Birdquest's Texas birding tour explores a classic North American birding destination. Texas is one of the richest birding areas in the United States and is home to a good number of North American endemics and other sought-after species. Our Texas tour features the most comprehensive itinerary available and produces an extraordinary bird list, including numerous specialities. Whooping Crane, Green Parakeet, Red-crowned Parrot, Lucifer Hummingbird, Black-capped Vireo, and both Golden-cheeked and Colima Warblers are just a few of the great birds that are likely on this special itinerary.

Saturday 6th April — Sunday 21st April 2019
(16 days)


Leaders: Mike Watson and a second Birdquest leader

Group Size Limit: 11

Tour Category: Easy walking for the most part and comfortable accommodations

A visit to Texas in the spring provides the opportunity to find some wonderful specialities, such as this Black-capped Vireo, with the chance of witnessing some fantastic migration spectacles (Pete Morris)

A visit to Texas in the spring provides the opportunity to find some wonderful specialities, such as this Black-capped Vireo, with the chance of witnessing some fantastic migration spectacles (Pete Morris)

Positioned at the ornithological crossroads of North America, the Lone Star State boasts the richest avifauna north of Mexico. Texas’s attractions are further enhanced by comfortable accommodations, excellent roads and delightfully easy birding conditions.

This is a unique tour of Texas that focuses on the many North American endemics and other special birds that can be found in this rich part of the continent, taking in the last of the wintering Whooping Cranes, both Black-capped Vireo and Golden-cheeked Warbler on the Edwards Plateau and finally both Colima Warbler and Lucifer Hummingbird in the far west of the state, to mention just a few of its many attractions.

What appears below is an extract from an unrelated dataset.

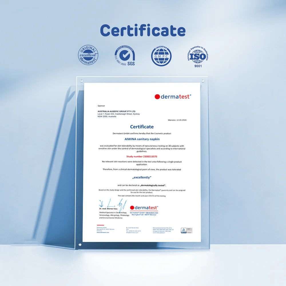 Kiekvienas įklotas yra atskirai supakuotas, skirtas vienkartiniam naudojimui ir patogiam nešiojimuisi su savimi. Jie taip pat yra itin švelnūs ir be jokių priedų – be alkoholio, be dirginančių medžiagų ir be FBAs.

From its eastern to its western extremities Texas spans more than 800 miles (about 1300km), with a land surface area of over 268,000 square miles (over 696,000 square kms) making it by far the largest of the Lower 48 states in the USA and larger than many European countries.

Ornithologically this famous state boasts a diversity which is second to none in North America. Here, in spring, one can see a very large number of species, both eastern and western, in a relatively short period of time. Our itinerary is carefully crafted to concentrate on Texan specialities including the last of the wintering Whooping Cranes.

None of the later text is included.